Your HECS-HELP debt could increase by $900 next week

Uni’s debt is indexed to inflation, which means a steep increase of 3.90% this year. But it’s still the cheapest debt you’ll ever have.

Your united debt will increase by 3.90% on June 1st. This is because inflation is rising rapidly. And loans for higher education (HECS, HELP, VSL, SFSS) are adjusted once a year for inflation.

This is a noticeable increase. In 2021, student debt was indexed at just 0.6% when inflation was low.

The average Australian higher education debt is $23,685. If you apply a one-time adjustment of 3.90%, that increases to $923. That’s a total of $24,608.

I have a big university debt: what should I do?

The indexation rate is quite high this year. But the general financial advice for Australian government education and training loans is true: it’s the least urgent debt you’ll ever have.

You might rush to pay it off, because getting out of debt means more money in your pocket. And paying off some of it before June 1 will mean that the remaining debt will increase by a lesser amount.

But if you have other outstanding debts, you better take care of them first.

Your student debt may lead to a loan application. But high-interest debt like credit cards or personal loans should always come first. If you have a mortgage, you must obviously continue to make your monthly repayments. But you can also repay a little more or put it in an offset account.

It would save you more money than paying off your student debt.
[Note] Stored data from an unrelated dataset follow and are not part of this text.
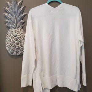 Super cute white cardigan that's perfect to transition into fall and winter. It is SO soft too!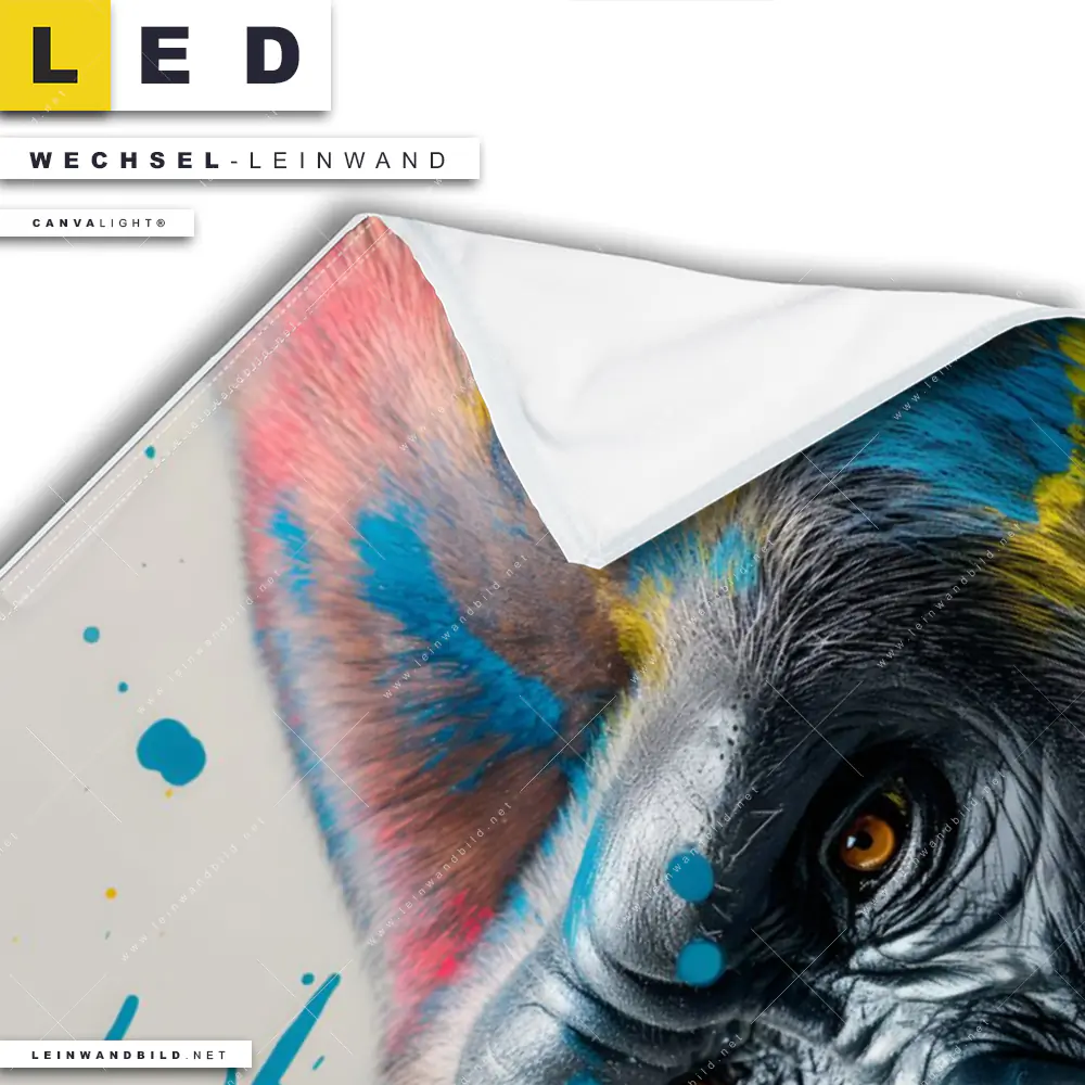 LED Wechsel-Leinwand Canvalight® TEX | Bunter Gorilla mit Farbspritzern | Hochformat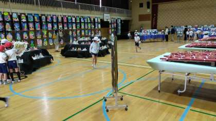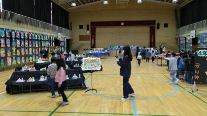 子どもたちは、土曜授業ですが、授業参観は、ありません。講堂(体育館)の作品展のみ観覧していただけます。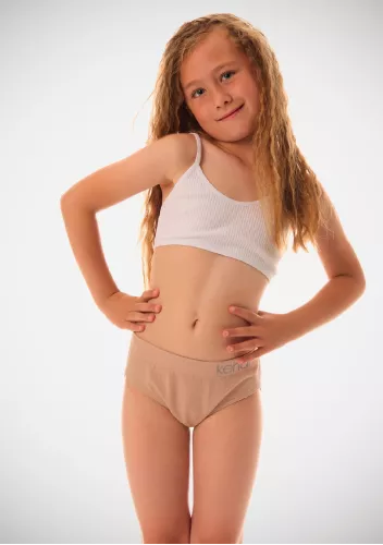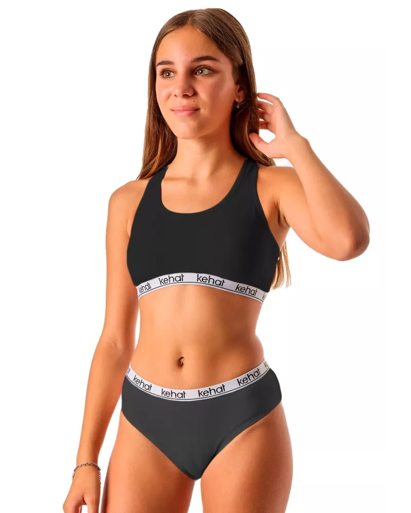 Dívčí set kalhotky + top 383 značky KEHAT přináší spojení elegance a pohodlí pro mladé slečny, které ocení jemnost i styl. Tento dvoudílný set je navržen s důrazem na komfort a volnost pohybu – sportovní top se širokými ramínky a kulatým výstřihem doplňují klasické kalhotky s dostatečným krytím. Oba díly zdobí kontrastní guma s výrazným nápisem KEHAT, která dodává moderní sportovní vzhled bez zbytečných ozdob.

Even with this 3.90% adjustment.

Most Aussies would be better off working and letting that mandatory HECS-HELP repayment pay off the debt before they even know it’s gone (if you earn above the repayment threshold).
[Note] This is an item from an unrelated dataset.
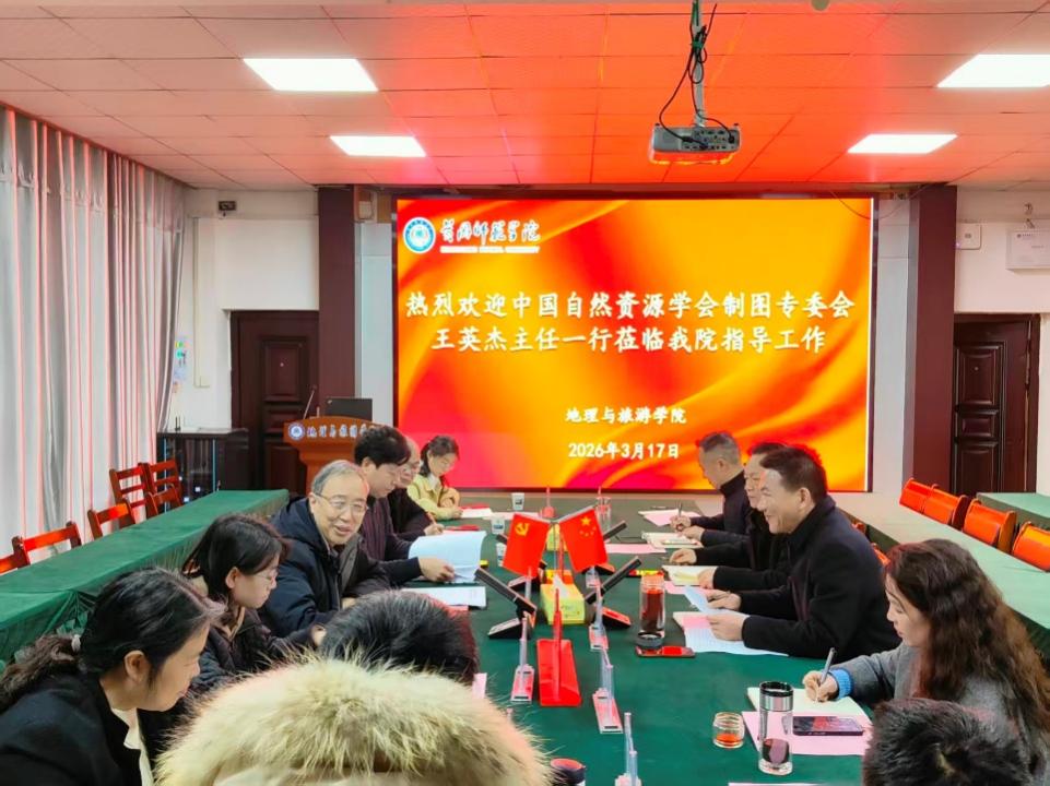2026年3月17日上午,中国自然资源学会资源制图专业委员会主任王英杰主任等一行3人来院指导学术年会交流,会议由地理与旅游学院院长刘汉成主持。出席本次交流会的嘉宾包括武汉大学资源与环境学院实验中心主任李连营教授、湖北省地图院办公室主任谭竞漪、黄冈大别山世界地质公园管理中心副主任童军、黄冈大别山地质博物馆馆长徐泉文及科普宣教科科长李凤。地理与旅游学院领导班子及相关教师代表参加会议。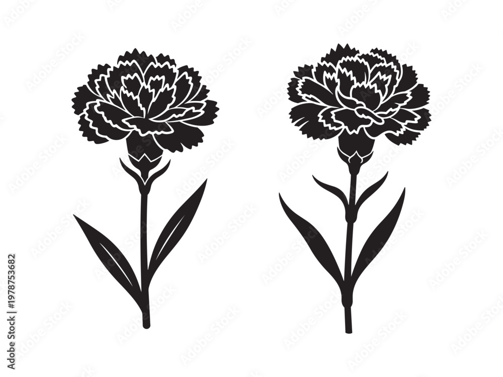 Two Carnation Flower Silhouettes With Carnation Silhouette Botanical Wallpaper Mural - Decorly Solutions | Decorly Solutions

But the indexation of 3.90% is a good reminder not to forget the debt completely. If you’re not working, it’s good to know how much your debt could increase. Especially if inflation remains high over the next few years.
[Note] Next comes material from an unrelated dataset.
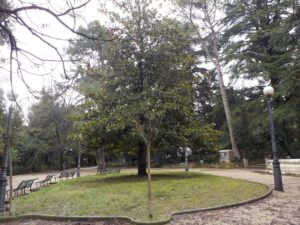 Magnolia grandiflora (questo il nome scientifico della specie presente alla Villa Comunale di Chieti) è una delle piante più antiche del mondo la cui esistenza sulla Terra è testimoniata, grazie a resti fossili, da oltre 90 milioni di anni, ben prima dell’estinzione dei dinosauri! Dopo l’ultima era glaciale è sopravvissuta in America e Asia e proprio dall’America è stata importata in Europa, in Inghilterra sin dal 1688 e in Francia dal 1740. Il nome è stato scelto in onore del grande botanico d’oltralpe Pierre Magnol (1638-1715). Si tratta di un albero imponente, che può facilmente diventare secolare, e che può raggiungere e superare i 20 m di altezza. Ha chioma ampia e conica con corteccia liscia, di colore grigio scuro. Le foglie sono grandi (tra i 12 e i 25 cm), sempreverdi, di forma obovato-oblunga e di consistenza coriacea con margine intero oppure a volte ondulato; la lamina superiore è verde brillante intenso, quella inferiore color ruggine. Fiori grandi (diametro fino a 20 cm) bianchi e intensamente profumati. Infruttescenza a forma di pigna cilindrica, con scaglie pelose verde brunastro, a protezione di semi di un bel colore rosso vivo e profumati.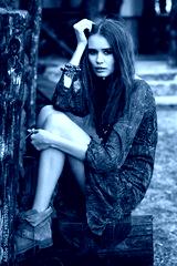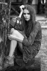 Outdoor fashion portrait of young beautiful woman. Boho chic sty

If you’re working, you could pay off some of it before June 1 and minimize the loan amount before indexation happens.

And it’s also worth looking at your paycheck to see how much is going towards your college debt each month. If you earn $60,000 per year before taxes, you will pay $125 per month to pay off your college debt.

If you make $90,000 a year, that’s $450 a month. What else could you do with this money? You can invest it through an ETF or another form of investment.